I pursued my master’s degree in Rural Community Development at AUB because I had a vision—a dream of returning to the South to cultivate our land, to root myself in the soil of my ancestors. Growing up in Saida, distant from my community, I had always carried a profound longing for connection, a yearning to rediscover a sense of belonging that had eluded me for so long.
In many ways, I know I was fortunate. For the last three years, I lived in Hamra, balancing my work as a Title IX officer at LAU with my graduate studies at AUB. I had hope, I had dreams, and my small home in Beirut was filled with warmth and joy. But that all shattered in September 2024, when the war intensified, and my home was transformed into a refuge for my entire family.

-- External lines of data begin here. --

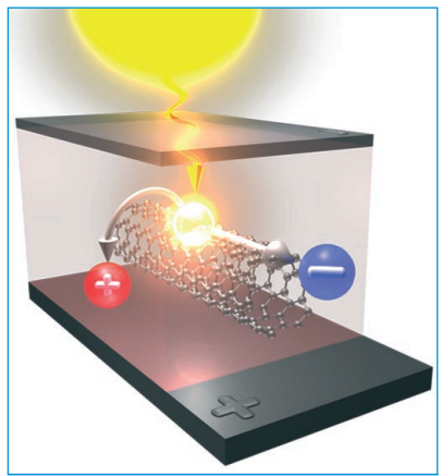
Sunlight is absorbed by the carbon nanotubes and utilized to generate electricity. ■

That is not the only reason why nanotechnology is regarded by the EU as one of the important key technologies of the 21<sup>st</sup> century. Market estimates suggest that the share of nanoproducts on the world market will amount to about EUR 700 billion by 2015. By 2020, the total revenue of products incorporating nanotechnology as the key component should even reach two trillion euros. In other words, these "tiny" particles will generate about six million jobs.¹ ■
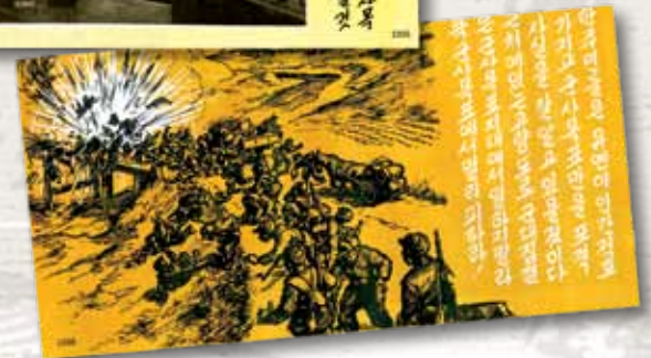
“Naval Power” contained a photo of a UN warship firing a broadside against North Korean coastal military targets. The backside had a graphic depiction of the destruction. It was designed to warn civilians away from military targets and discourage North Korean troops.
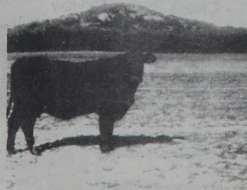
EAST CADDO PEAK Price 50¢
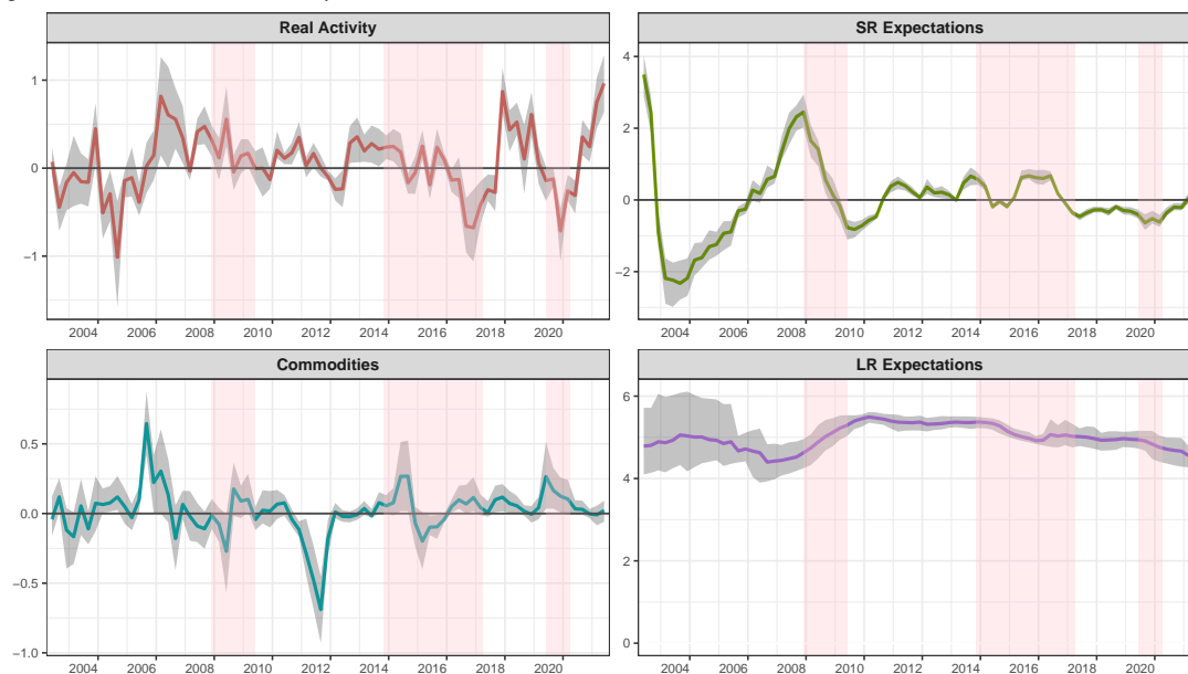
Figure 2: Contributions of hemispheres to inflation estimate

Note: contributions of real activity, short-run expectations, commodities, and long-run expectations to inflation over time. Dashed lines represent the beginning of the out-of-sample period. Recessions (business cycle turning points as retrieved from the SARB) are depicted in pink. The grey shading represents the 68% credible region.
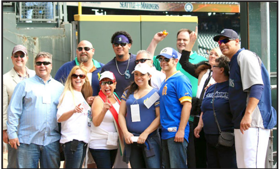
Mariners Italian Heritage Night 2014
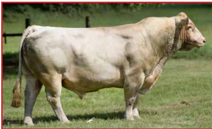
M&M Ledger 2543 P/S
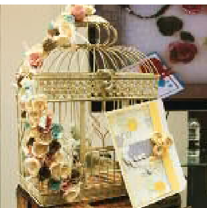
Project examples at the convention

"You can even see it with the swapping of cards", agrees Sara. "It's a way of sharing your hobby, getting recognition
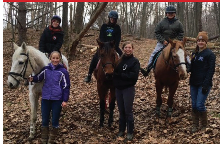
Healthy Empowered Youth kids on horseback.

33 Teens worked at 19 local worksites, completed 5,930 intern hours and attended 226 hours of paid work-skills trainings which included interpersonal communication, financial literacy, public speaking and college essay writing 101.
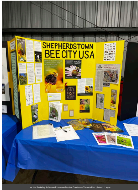
At the Berkeley Jefferson Extension Master Gardeners Tomato Fest
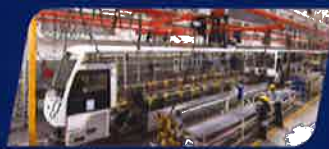
Structure making use of Jigs & Fixtures
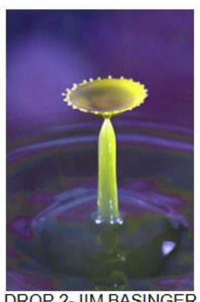
DROP 2-JIM BASINGER
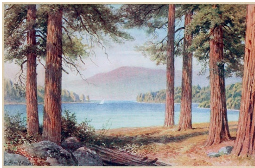
LAKE TAHOE, THE HIGH SIERRAS

In the Spring the rich florescence of the conifers sheds pollen in drifts that, carried down the melting water, warn the sheep-herder and the orchardist a hundred miles away of the advancing season. A pine forest in flower is one of the things worth seeing which is most seldom seen, for at its best the high passes are still choked by snow, the lakes ice-locked, the trails dangerous. And then the blossoms, yellow and crimson tassels and rosy spathes, are carried on the leafy crowns high over the heads of the most adventurous foresters. What one finds, as late as the end of June when the trails are open, is a stain of pollen on the lingering snow, and great clouds of it flying wherever a bough is brushed by a light wing. In the autumn the whole wood is full of the click and glint of the winged seeds. Storms of them, like clouds of locusts, are carried past on the wind, to be dropped in the nearest clearing or to find a chance lodging in a moss-lined crevice of the weathered headlands. [158]
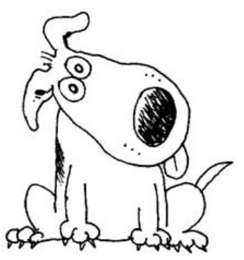
Volume 1, Issue 2 August 2008
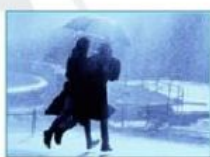
It's rainy .
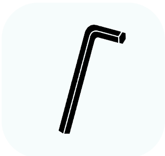
ALLEN WRENCH (INCLUDED)
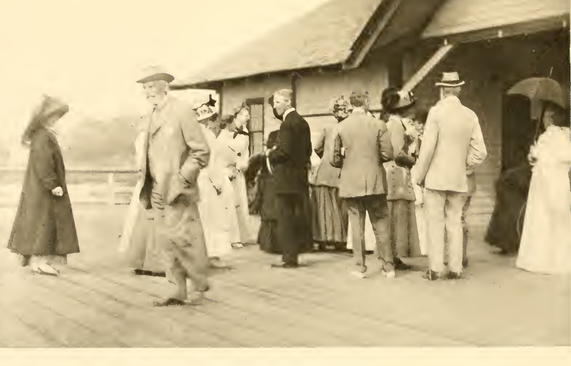
"GOOD BYE" ON JEKYL WHARF

After fleeing to Syria and then Jordan, with the help of private transportation, we found ourselves waiting in Jordan for three days, hoping for a flight to Canada, where my brother had made a life. When I finally reached Canada, the enormity of everything I had endured hit me like a tidal wave. I couldn’t leave the house. I couldn’t sleep. It was as if, for the first time, I had to face the full weight of the misery I had left behind—my extended family still trapped in Lebanon, my friends, my village in the South, and the dream I once had of returning to farm there, the dream that had been the cornerstone of my master’s project.
All of it—gone.
Anxiety doesn’t end when you escape. It truly begins when you do. The secondary trauma, the guilt, the overwhelming flood of emotions from war, fear, and stress—they don’t disappear. In fact, they haunt you even more once you’ve left it all behind.
This was an anonymous submission by a graduate student at the American University of Beirut.